“Unabomber with flowers”. May it be our best option to stave off AI superintelligence explosion?

There are many ways to try to prevent catastrophic AI developments by actively getting involved as a researcher, political activist or entrepreneur. In fact, I am trying to do my part as a Executive Director of the Open Media Cluster.

But maybe the best thing we can do to help reduce chances of the catastrophic risks of artificial super-intelligence explosion (and other existential risks) become a “Unabomber with flowers“.

By that I mean, we could hide out in the woods, as the Unabomber did, to live in modern off-grid eco-villages somewhere. But, instead of sending bombs to those most irresponsibly advancing general Artificial Intelligence, we’d send them flowers, letters and fresh produce, and invitations for a free travel in the woods.
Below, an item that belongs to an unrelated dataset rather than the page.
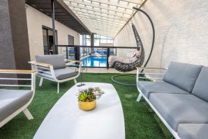 פרט לבריכה תמצאו בחצר הנופש גם פינת ישיבה ושיזוף, ערסל נוח, שולחן גינה, עמדת מנגל, שולחן סנוקר. החצר אידאלית בעבור חופשות קיץ. מחפשים צימר לחגוג בו יום הולדת? מתחם ניו גולד מגשים לכם את החלום על מסיבת בריכה.

Here’s what the  wrote in the Unabomber wrote in his manifesto “Industrial Society and Its Future”, published by the New York Times in 1995:  

173. If the machines are permitted to make all their own decisions, we can’t make any conjectures as to the results, because it is impossible to guess how such machines might behave. We only point out that the fate of the human race would be at the mercy of the machines. It might be argued that the human race would never be foolish enough to hand over all the power to the machines. But we are suggesting neither that the human race would voluntarily turn power over to the machines nor that the machines would willfully seize power. What we do suggest is that the human race might easily permit itself to drift into a position of such dependence on the machines that it would have no practical choice but to accept all of the machines decisions. As society and the problems that face it become more and more complex and machines become more and more intelligent, people will let machines make more of their decision for them, simply because machine-made decisions will bring better result than man-made ones. Eventually a stage may be reached at which the decisions necessary to keep the system running will be so complex that human beings will be incapable of making them intelligently. At that stage the machines will be in effective control. People won’t be able to just turn the machines off, because they will be so dependent on them that turning them off would amount to suicide.

My wife Vera and my dear friend Beniamino Minnella surely think so.